§ Exercise objective
Please give back the listing below word for word and drop any images.

§ Data excerpt
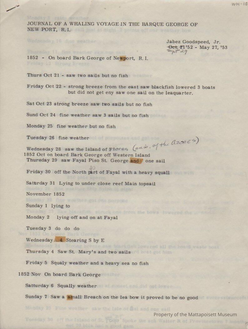 Journal of a whaling voyage in the Barque George of Newport, RI. Jabez Goodspeed Jr. Transcript only.Collection
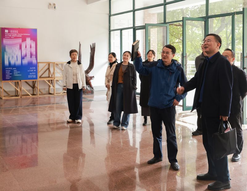 督查过程中,按照学院规划考察路线,黄友锐先后考察了7教一楼课程作业展厅、二楼获奖作品陈列厅、8教一楼工艺美术作品展区以及土木实验室与包装实验室等场所。
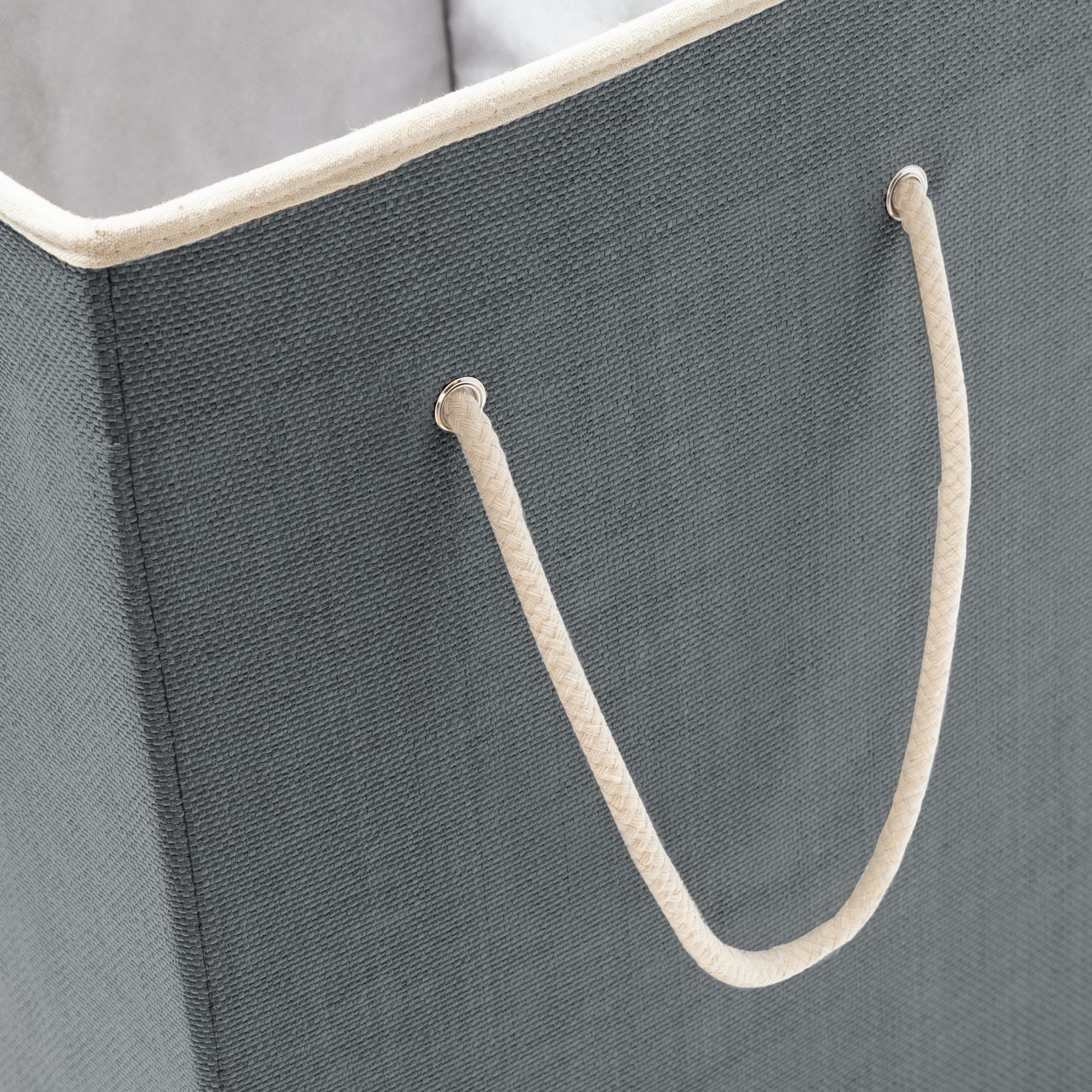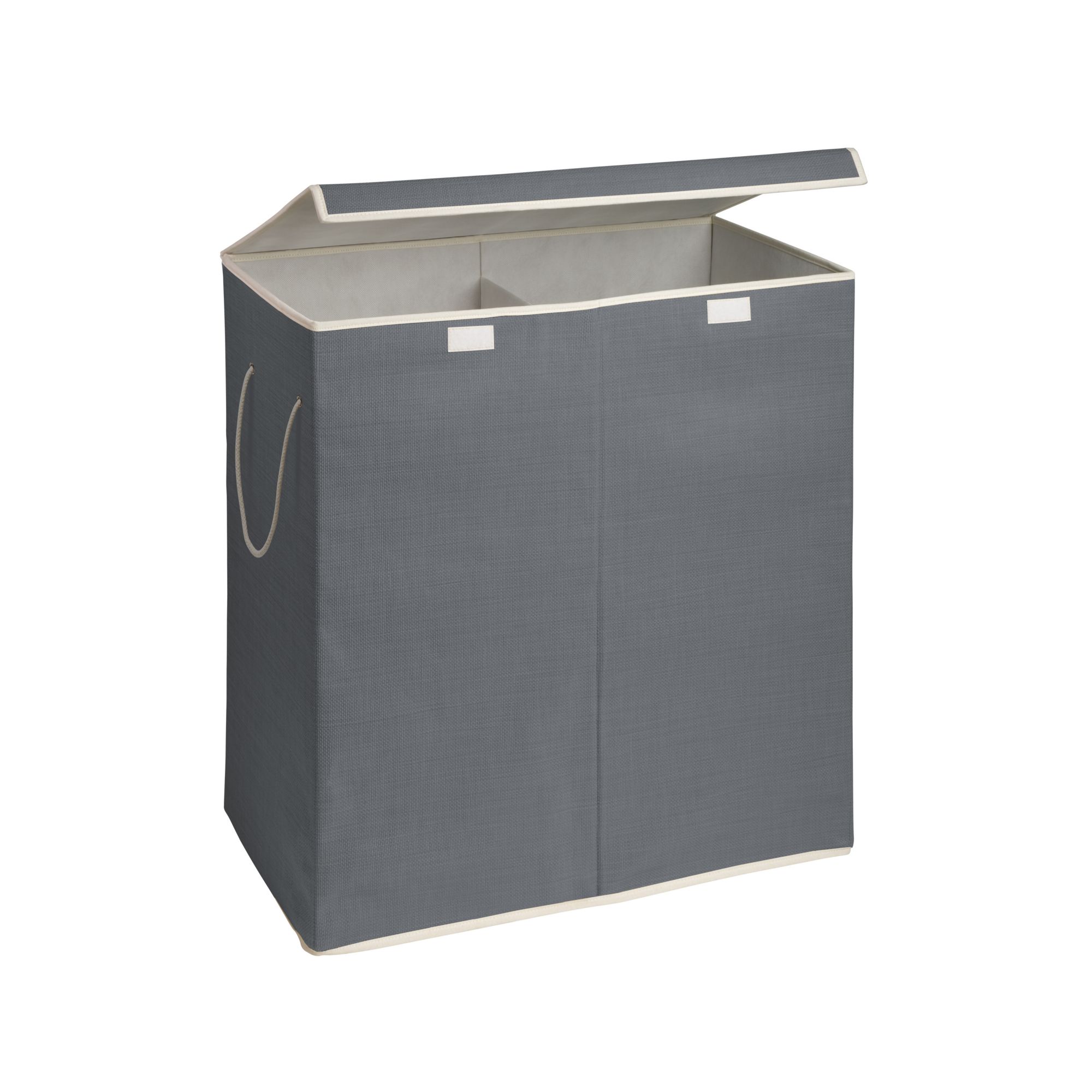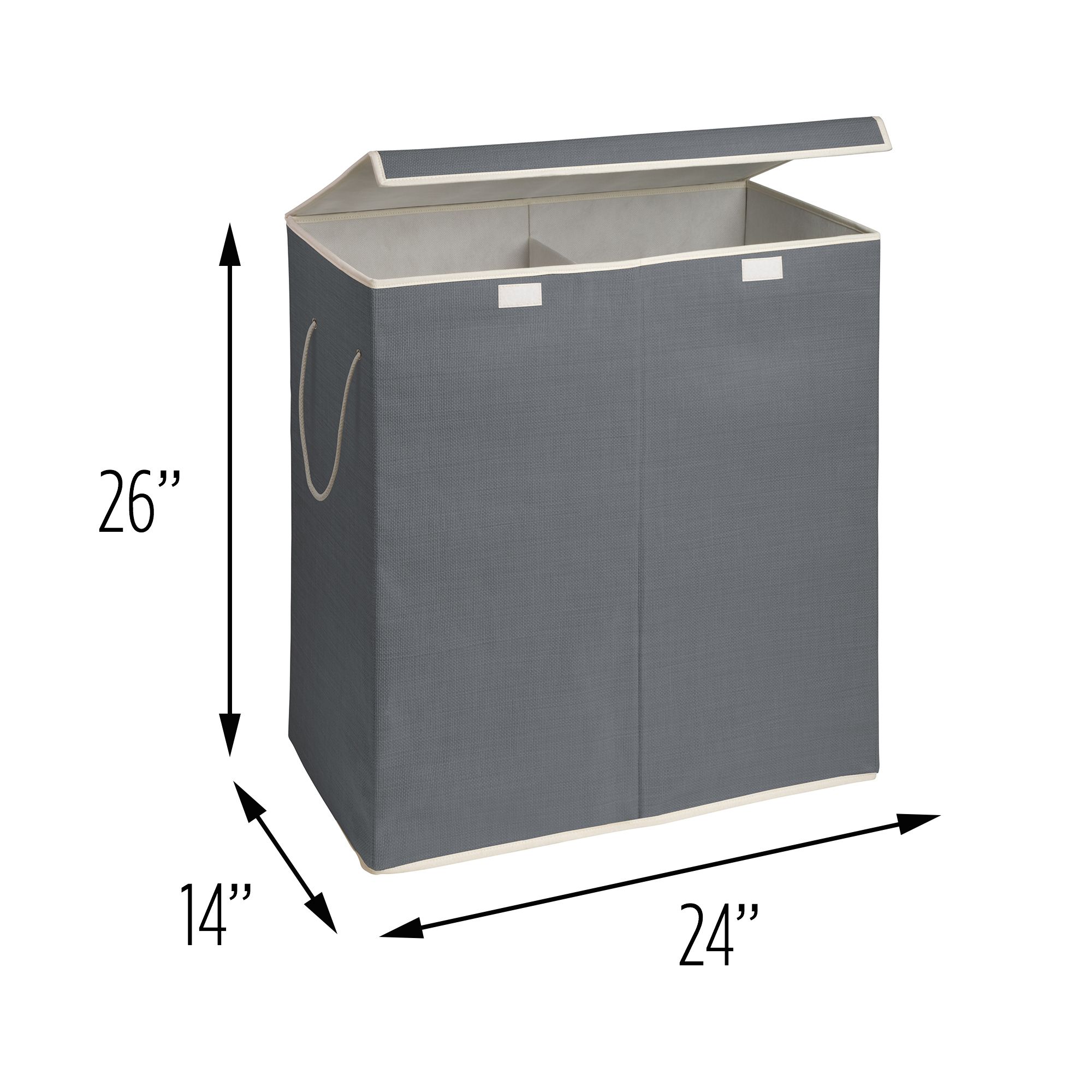 Features 2 compartments for easy clothes sorting Durable resin exterior in neutral, cool grey with breathable liner Handles provide mobility Folds flat for easy storage when not in use Closes tight with Velcro lid Dimensions: 14"L x 25”W x 26”H Gray Includes sorting hamper

§ Solution
 Journal of a whaling voyage in the Barque George of Newport, RI. Jabez Goodspeed Jr. Transcript only.Collection
 督查过程中,按照学院规划考察路线,黄友锐先后考察了7教一楼课程作业展厅、二楼获奖作品陈列厅、8教一楼工艺美术作品展区以及土木实验室与包装实验室等场所。
 Features 2 compartments for easy clothes sorting Durable resin exterior in neutral, cool grey with breathable liner Handles provide mobility Folds flat for easy storage when not in use Closes tight with Velcro lid Dimensions: 14"L x 25”W x 26”H Gray Includes sorting hamper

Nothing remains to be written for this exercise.